A job is soft-deleted (deleted=True) only if ALL of these conditions are true:

  • The job is not @internal -- server-managed jobs are never auto-deleted because they are re-registered at startup.
  • The job has no remaining workers -- checked via WorkerJobLink. If another worker still serves this job, it stays active.
  • The job has no pending tasks -- pending tasks could be picked up by a new worker that registers later, so the job must remain visible.

If any condition is false, the job stays active and no changes are made. Soft-deleted jobs retain their task history and can be reactivated when a new worker registers the same (room_id, category, name) tuple.

Stuck Internal Task Cleanup

cleanup_stuck_internal_tasks(session, timeout) targets @internal tasks (those dispatched to taskiq workers) that are stuck in RUNNING or CLAIMED beyond internal_task_timeout_seconds (default 3600s = 1 hour).

The reference time for staleness is COALESCE(started_at, created_at):

Task status Reference column Rationale
RUNNING started_at The task began execution; timeout measures actual run duration
CLAIMED created_at The task was dispatched but never started; started_at is NULL

Stuck tasks are marked FAILED with error = "Internal worker timeout" and a completed_at timestamp. If any tasks were failed, the session is committed and a count is logged.

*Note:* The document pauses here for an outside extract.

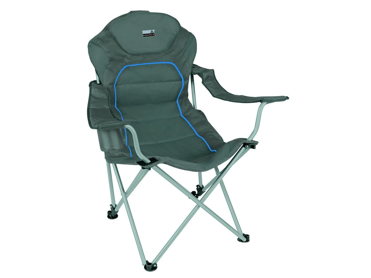 High Peak Alicante, vouwstoel tot 120 kg, gepolsterd, bekerhouder, verstelbare rugleuning, stabiel stalen frame, donkergrijs, extra breed, klapstoel, robuust, ideaal voor camping, festival, vissen, bbq, opvouwbare campingstoel incl. opberghoes met schouderriem, 62 x 60 x 105 cm 4,60kg

This cleanup only applies to @internal jobs. External worker tasks that are stuck are handled by the stale worker cleanup (if the worker's heartbeat lapses) or remain in their current state if the worker is still alive.

Three Disconnect Paths

The sweeper is the fallback for workers that do not disconnect gracefully. The system provides three paths for cleaning up a worker, all converging on the same cleanup_worker() function:

Path Trigger Latency Mechanism
Graceful Client calls disconnect() or context manager exit Immediate DELETE /workers/{id} --> cleanup_worker()
SIO disconnect Network drop detected by Socket.IO Seconds Host app's SIO disconnect handler --> cleanup_worker()
Sweeper No heartbeat received within timeout Up to worker_timeout_seconds Sweeper periodic scan --> cleanup_stale_workers() --> cleanup_worker()

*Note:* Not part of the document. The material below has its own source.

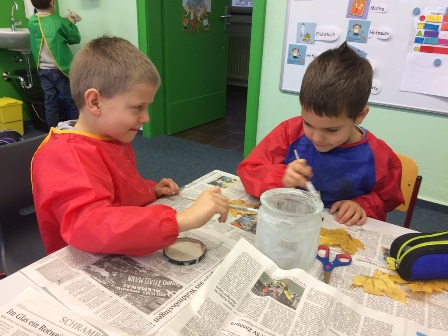 Der Umgang mit Pinsel, Schere und Kleber erfordert viel Geduld, aber macht richtig Spaß. Mit unseren Windlichtern, Engeln und Sternen wollen wir einen schönen Stand dekorieren. Zwischendurch proben wir unser Lied "Zwei Weihnachtsmäuse" mit dem wir den Markt am Donnerstag eröffnen. Diese Projekttage sind eine tolle Abwechslung zum Rechnen, Schreiben und Lesen lernen.

Because all three paths use cleanup_worker(), the behavior is identical regardless of how the worker disappears: tasks are failed, links are removed, providers are deleted, and orphan jobs are soft-deleted.

Configuration

All settings are controlled via JobLibSettings (environment prefix ZNDRAW_JOBLIB_):

Setting Default Purpose
sweeper_interval_seconds 30 How often the sweeper wakes up and runs its cleanup cycle
worker_timeout_seconds 60 How long since the last heartbeat before a worker is considered stale
internal_task_timeout_seconds 3600 Maximum time an @internal task can remain in RUNNING or CLAIMED before being force-failed

The worker timeout should be at least 2x the client's heartbeat interval to avoid false positives from transient network delays. The sweeper interval should be shorter than the worker timeout so that stale workers are detected within one timeout period.